Once you’ve started collecting names and information, and organizing it for easy access, you can start getting queries out there. I’m assuming you know how to write a good query (that’s a whole different lesson package, and one I’m probably not the best teacher for).
Every agent or publisher has their own quirks on what they want to see in a query, and how it should be presented. Hopefully, this is clearly described somewhere on their website or another agent listing. Don’t argue with them. They want two chapters, send two. Not three. And always the first chapters–don’t skip around. They want a synopsis, send one. They want it in cuneiform on clay tablets, go with it. I had one agent who wanted the query in big type because she had bad eyes.
Since my first rounds a few years back, things have changed a bit. When I started, most agents didn’t like e-mail queries. Now most of them do. They’ll let you know their preferences. Some agencies now have on-line forms to fill out and submit. This is good news for authors because it makes things easier. There’s a down side too, which I’ll get to in a minute.
Most e-mail queries involve actually putting everything (query, synopsis, sample chapters) into the body of the e-mail. “Attachments” are a no-no, with very few exceptions. It can be difficult to format everything in a single e-mail so it all looks good before you send it. If you’re not sure how it’s going to come out the other end, copy the e-mail and then send it to yourself as a test to see if it goes through okay.
Make folders in your e-mail program to store copies of the query, and any responses you might get.
Once you have a nice e-mail query formatted and edited, you can save it as “boilerplate” template to generate other queries by just copying it into the new e-mail and changing names, addresses, and maybe a few other details that “tune” the query to what you know about the agent.
Be careful when you do this! It’s way too easy to accidentally fire off a query to Agent B with the name or address of Agent A still on it. This will not make a good impression on Agent B. I’ve never actually done this in an e-mail, but I’ve come pretty close. I’m paranoid enough now that I don’t put the destination e-mail address in the “send to” box until I’m sure it’s triple-checked and ready to go. No chance of hitting “send” when I meant to hit “paste” or something.

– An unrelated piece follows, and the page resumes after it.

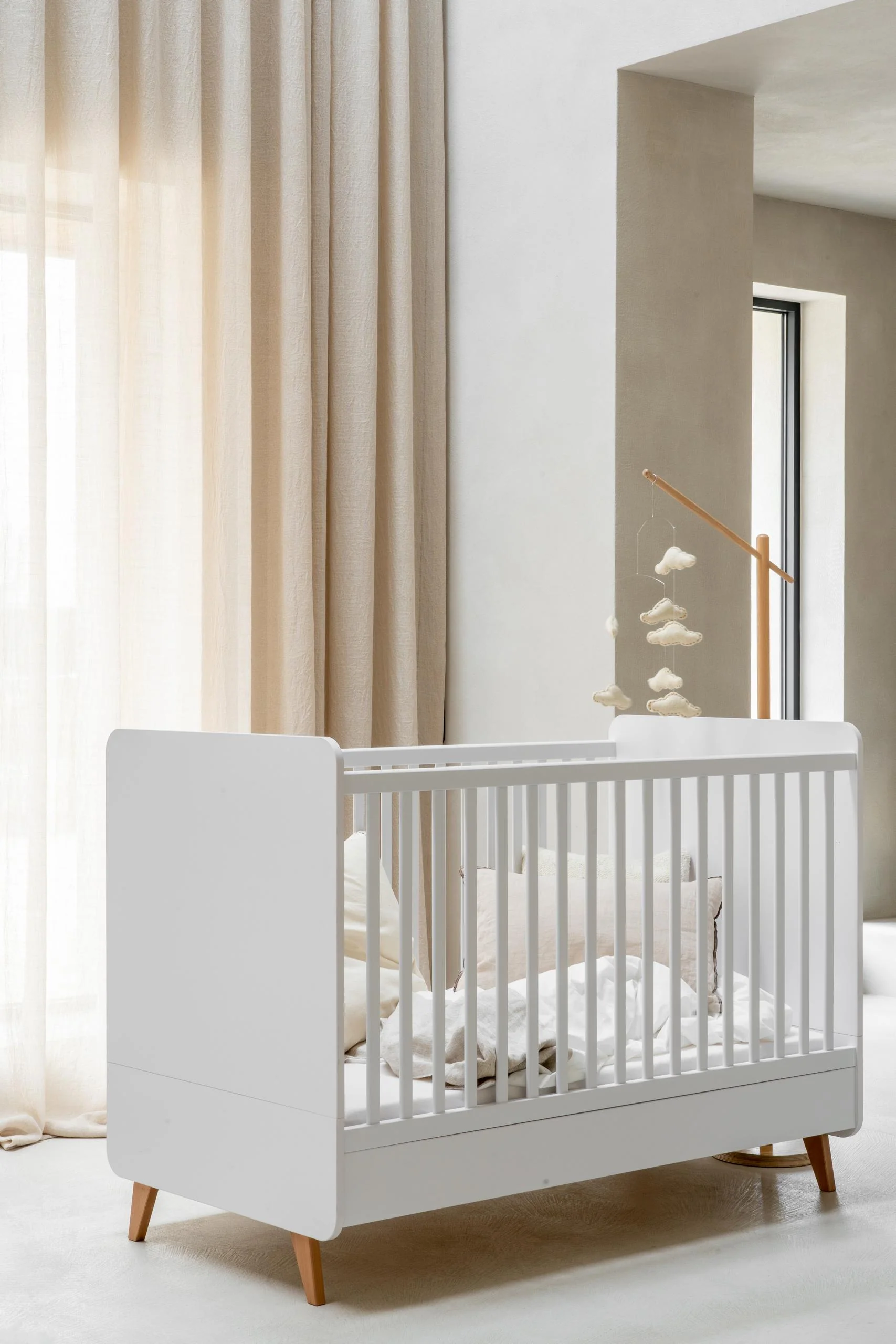 Le lit Loft 140 x 70, avec des dimensions de 124 x 65 x 95, offre un mélange réfléchi de fonctionnalité et de design intemporel, spécialement conçu pour les tout-petits. Avec trois hauteurs de matelas réglables (29 cm, 44 cm et 59 cm), ce lit évolue avec votre bébé, offrant un environnement de sommeil adaptable et confortable.

Some of the above applies to “hard copy” queries, too, which a few agents still ask for. If you have a word processing template you use to print out query letters, be careful with names and addresses. When I send snail mail queries, I put the query and sample pages flat in a nice 9×12 white business envelope (not the manila ones with the little claspy things). I do this even for single-page queries. It makes it easier to drop the self-addressed stamped envelope inside without having to fold it up in some weird way.
Most agents don’t mind if you query more than one at the same time, but keep the numbers down so you can keep track more easily. Also, this allows some time to get some responses back before your next round. I usually do about five or six at the most in any one shot, then let that simmer for a month. Of course, if I spot some hot prospect in the meantime…
When you’ve sent it all out, then you wait. And wait.
That brings me to that “down side” I brought up earlier. Rejection can be discouraging. Believe me, I know. But worse is never hearing anything back. I mentioned that a lot more agents are willing to take e-mail submissions now. Unfortunately, this seems to be associated with a growing number of “you’ll hear from us if we’re interested” policies instead of an actual rejection note.
Some agents will at least put a specific time limit on it, anywhere from two to eight weeks: “If you don’t hear from us in eight weeks, assume we’re not interested.” But others don’t even do that. You might find a lot of queries on your list just “hanging fire.” Did they pass on it? Or like many agents, are they so loaded that they just can’t get to yours for a while?
I don’t like this. How hard can it be to fire off a form e-mail? All you’ve got to fill in is an address! But what are you going to do, right? For the time being, I’m putting an arbitrary eight weeks as the outside limit if it’s not specified by the agent. Maybe I’ll get a pleasant surprise ten weeks out, but I’m not holding my breath.
In all these “advice” posts, remember that I’m no expert. I’ve never even had anything published by a major publisher. I’m just putting down a bit of what I’ve been learning along the way.
Believe me, it’s more entertaining than my writing diary: “1,229 words today. Still trying to fill in that damn plot hole. Found out bears can be nocturnal. Whew. Finished bear scene. Learned about Mouse Fishing.”